I have discussed this problem as it relates to Web formats. Jonathan Rochkind asks about non-Web formats:
Do you think this is less likely to happen in the post-web world? There are still popular formats in use that are not 'of the web', such as MS Word docs (which can not generally be displayed by web browsers) -- are old (but not that old, post-web) versions of MS Word more likely to remain renderable in this post-web world than my old WordPerfect files?First, as regards old WordPerfect files, I addressed this in my 2009 CNI plenary here:
The Open Office that I use has support for reading and writing Microsoft formats back to Word 6 (1993), full support for reading WordPerfect formats back to version 6 (1993) and basic support back to version 4 (1986).I believe that licensing issues mean that this comment now applies to Libre Office not Open Office.

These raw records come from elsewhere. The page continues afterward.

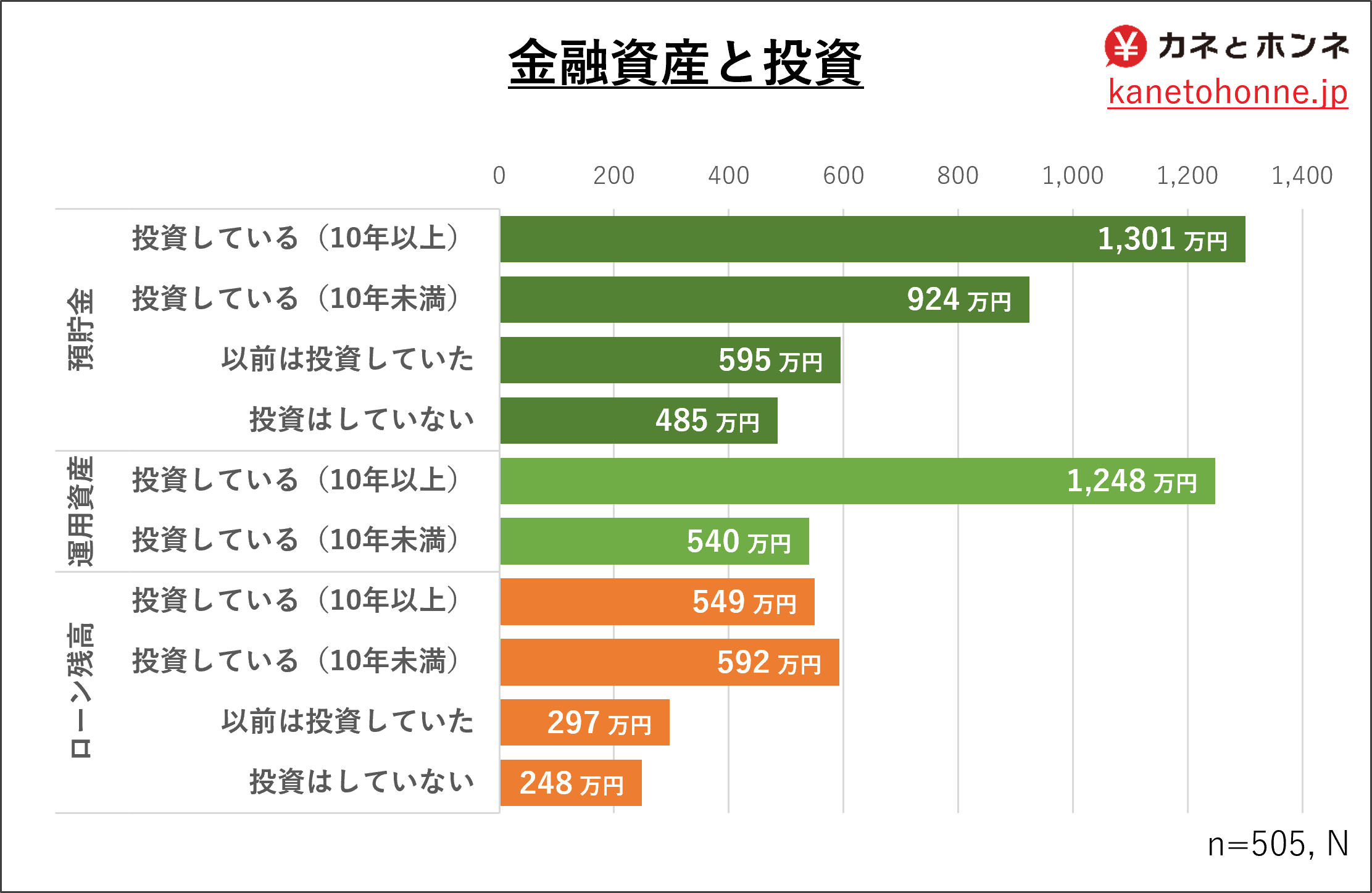 保有している金融資産やローンについて聞いたところ、10年以上の投資をしている人は、預貯金が平均で1,301万円、運用資産が1,248万円、ローン残高が549万円でした。差し引きすると、ちょうど2,000万円の金融資産を保有している計算となります。老後2,000万円問題が話題となりましたが、10年以上投資している人にとっては無用の心配かもしれません。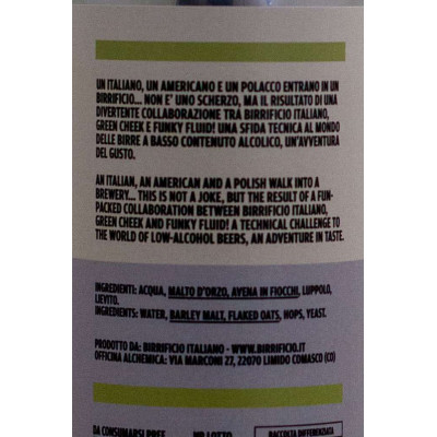 Un italiano (Agostino di Birrificio Italiano), una americano (Evan di Green Cheek) e un polacco (Michal di Funky Fluid) entrano in un birrificio… Non è uno scherzo ma il risultato di una divertente collaborazione. Una sida tecnica al mondo delle birre a basso contenuto alcolico, un'avventura del gusto che ha portato ad una birra divertente e di grande carattere. I tre luppoli scelti da ogni birraio sono stati bilanciati, è stato fatto un leggero dry hopping e una rifermentazione con krausening in serbatoio.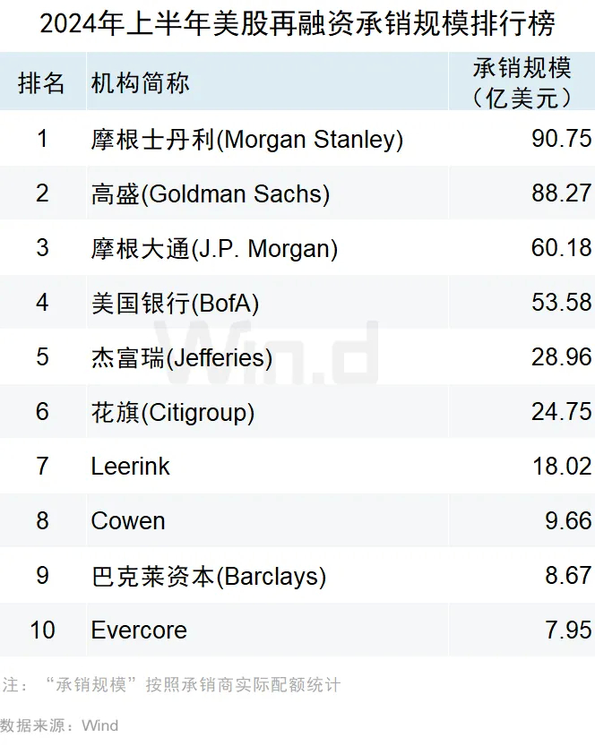 再融资承销规模方面,摩根士丹利以90.75亿美元承销规模位列第一,承销数量为42起;高盛承销规模为88.27亿美元,参与了47起再融资事件,位列第二;摩根大通以60.18亿美元承销金额,参与49起再融资位居第三。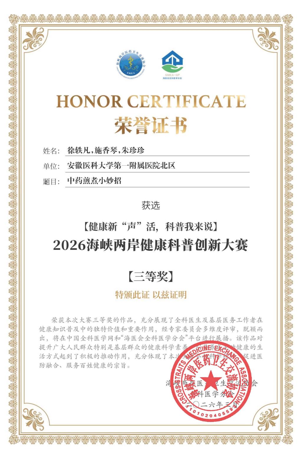 此次获奖是对我院健康科普工作的充分肯定。未来,我院将持续深耕中医药科普领域,推出更多优质科普内容,积极参与两岸中医药文化交流活动,以科普之力守护群众健康,为两岸健康事业融合发展贡献力量。(药学部 张伦)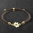 Serbest Temalı Yaprak Figürlü Örgülü 14 Ayar Altın Plakalı Hediye Bileklik-331sembol-kahverengi Altın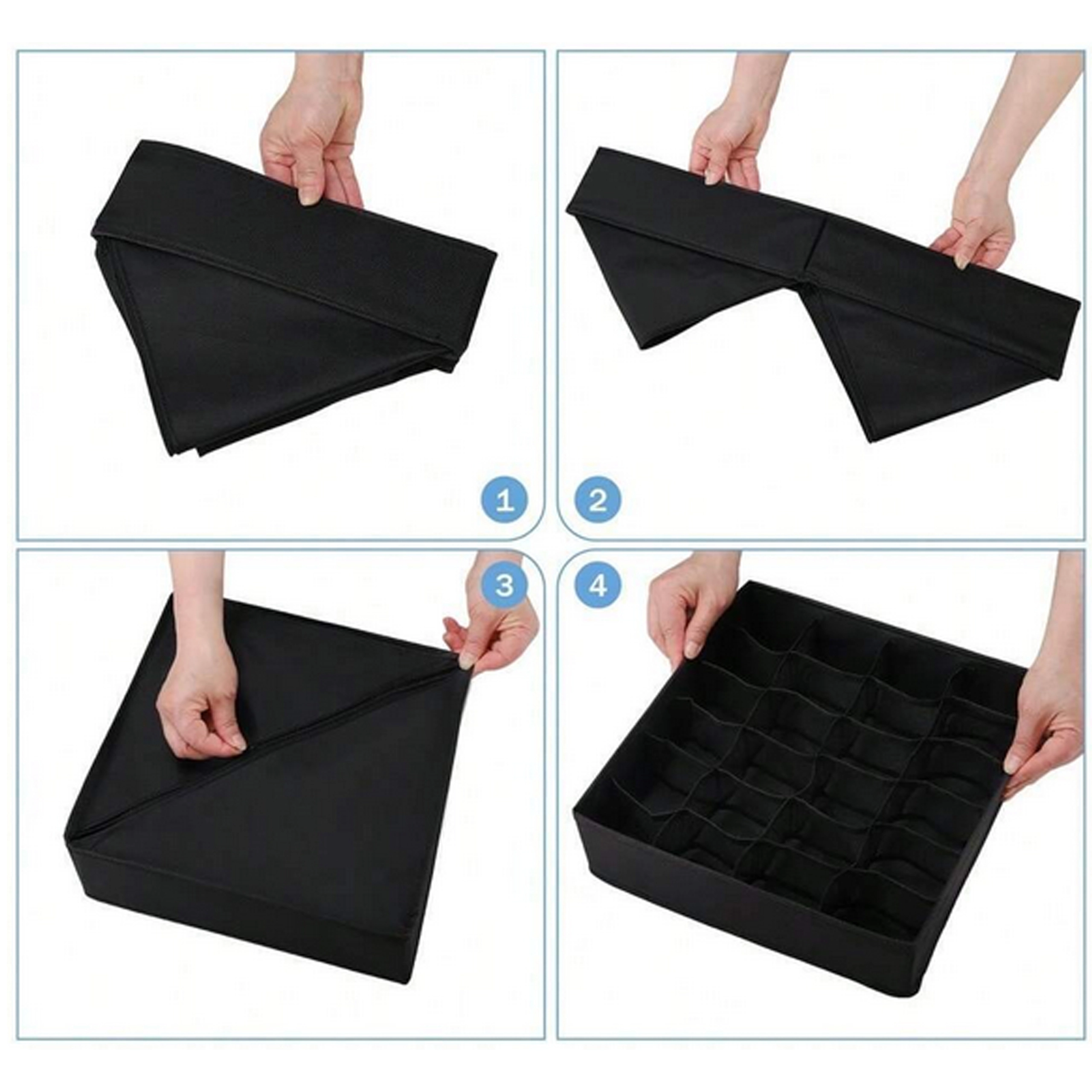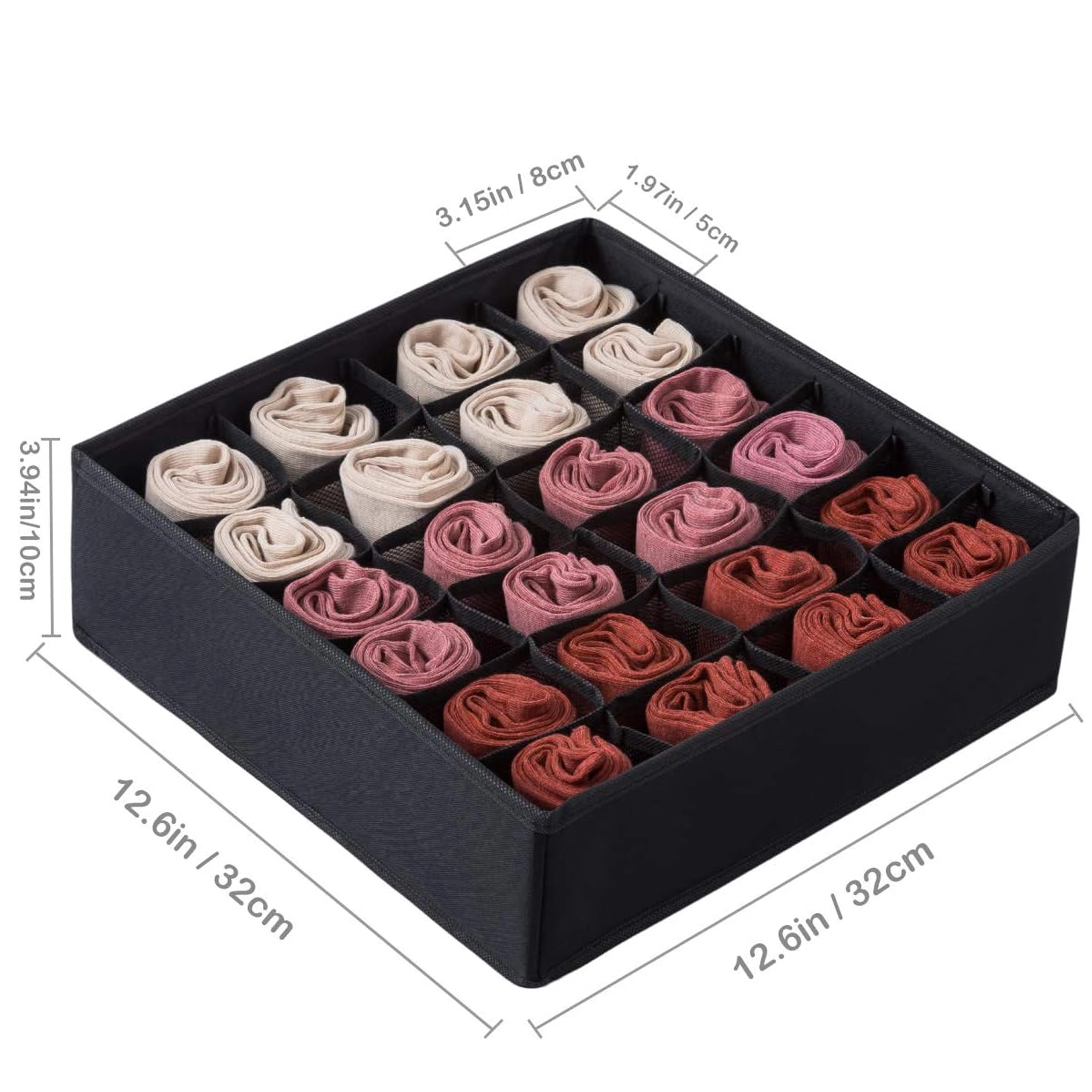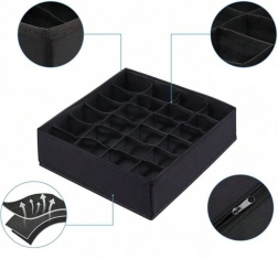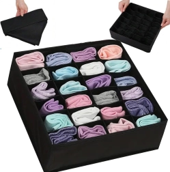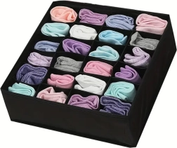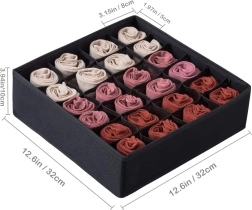 Ses dimensions 32 × 32 × 10 cm s’adaptent à la plupart des tiroirs et étagères ouverts standards. Excellent choix pour chaussettes, culottes, soutiens-gorge, collants, cravates et accessoires. Le montage est rapide et simple – prêt en quelques secondes.

Second, Microsoft has effectively lost the ability to drive the upgrade cycle by introducing gratuitous format incompatibility because their customers rebelled against the costs this strategy imposed on them. So, the reasons are slightly different but the result in terms of format obsolescence is similar.
Disagreeing with Jeff Rothenberg, Round 2
Andy cites a talk by Jeff Rothenberg at Future Perfect 2012 that hadn't come to my attention. A quick scan through the slides suggests that Jeff persists in being wrong about format obsolescence, and that I need to prepare another refutation.